Thanks, I was reading the comments and had forgotten about this nugget of lazy falsehood.
It's more than segmentation, there also were entire architectures that don't support it altogether. Core 2 Duo and Core 2 Quad to start with (and Pentium M, Core Duo)
The first few gens of Atom had Hyperthreading, but everything modern since Bay Trail (22nm) are quad core without Hyperthreading (or dual core : two cores are disabled). This includes every Celeron/Pentium branded Atom. Plus the 8-core Atom servers (R.I.P. - these sadly have a defect that kills them in a few years ; I think there's new 16-core server Atom in the pipes)
Disabling hyperthreading does EXACTLY JACK SHIT. The same flaw applied to multiple logical cores very easily applies to multiple physical cores and multi-socket systems.
Every intel CPU appears to still be vulnerable as shit. Tested on my i3-7320 system and my multi-socket E5-2650 system under Windows. If OpenBSD wants to be 'secure' they need to only allow one logical core, period, and ignore all the rest. That's the only way to mitigate this problem.
The OpenBSD devs just showed a huge lack of logical thinking and knowledge of hardware configurations.
Still waiting on Serviscope_minor to wake up to fucking reality and realize that Jessica Price isn't going to fuck him.

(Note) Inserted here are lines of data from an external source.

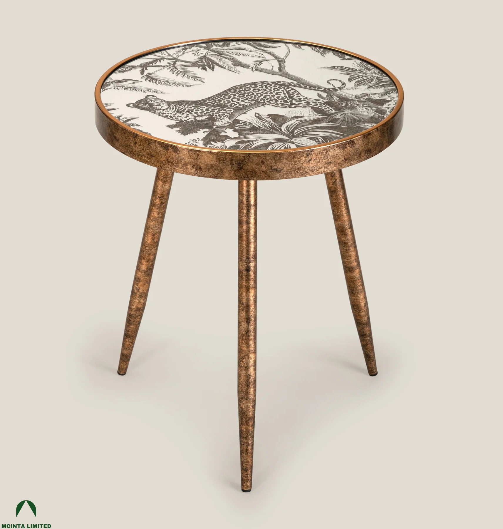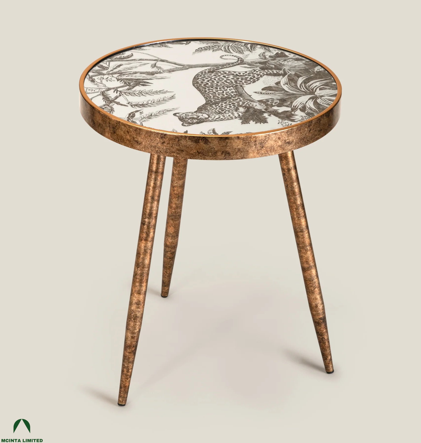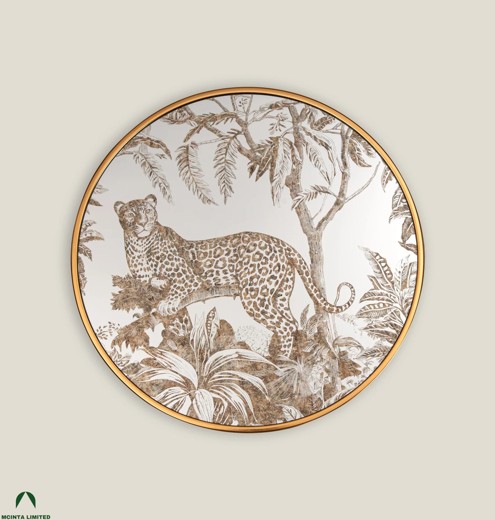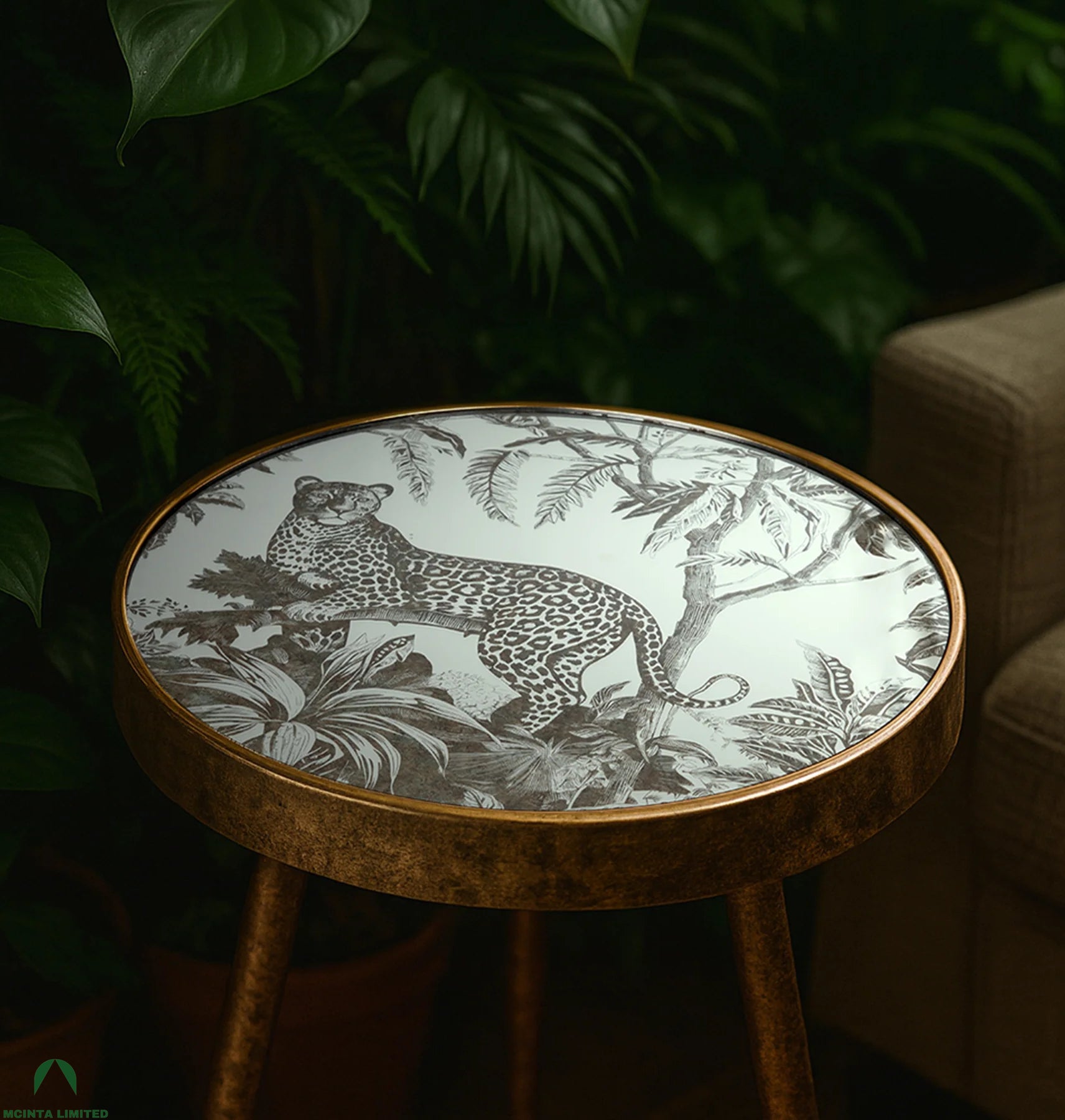 Our Botoni Leopard Print Side Table features mirrored glass with an intricate gold print and accented with vintage hand-painted or etched leopard prints, depicting a leopard nestled among tropical foliage. The clock's edges and legs also feature a gold finish. It creates an indelible, elegant impression wherever it's hung.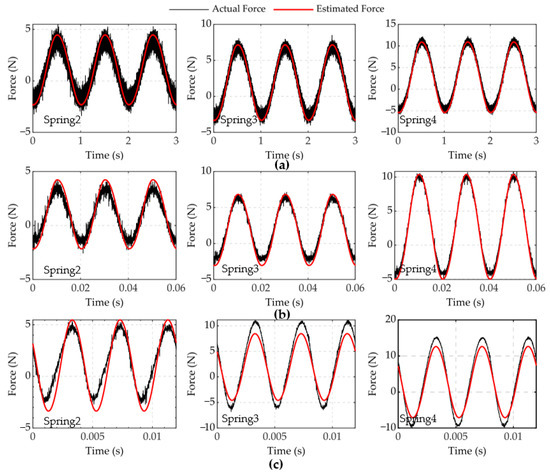 Comparison between the actual dynamic force and the estimated force at different frequencies: (a) 1; (b) 50; (c) 250 Hz.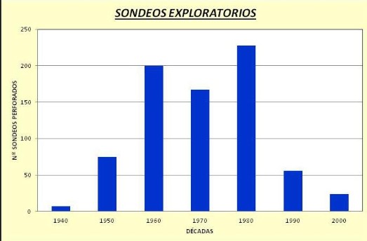 De hecho, España destaca por contar con un índice exploratorio muy bajo en comparación con otros países europeos. Los sondeos exploratorios, tanto en tierra como en mar, realizados en España en busca de petróleo y gas se han desplomado desde los años 80, tal y como muestra la siguiente gráfica, pero nunca han supuesto impactos dañinos relevantes sobre el medio ambiente.

Not going to let them take my HT.
They should disable their own operating system too. I have heard that it has had vulnerabilities in the past and likely has others not detected yet. Better to be safe than sorry.
It would be nice if the browser could signal the scheduler that it launched a new tab as an untrusted process, causing the kernel to sanitize caches before and after its future time slices (in addition to any sandboxing the browser parent process and the OS were already doing).
It might also make sense if only processes with the same UID could run on different SMT threads on the same core, rather than just turning them off completely.
Can anybody point to a verified report of successful Meltdown and Spectre exploits in the wild?
So far, it seems to be just a theoretical security exploit.
I have no problem with OpenBSD locking it down, it is what they do and it is what the people who are drawn to OpenBSD expect.
My personal belief is that useful constructs like speculative execution and hyper threading are being abandoned for questionable reasons.
Average Intelligence is a Scary Thing
... but not it's correct implementation from the DEC Alpha processor. At least the AMD implementation is closer to being correct.
The feature has been added to all Intel CPUs released since 2002 and has come enabled by default.
My Intel Pentium Anniversary Edition CPUs and Intel Atom CPUs are proof that this carelessly researched statement is simply dead wrong.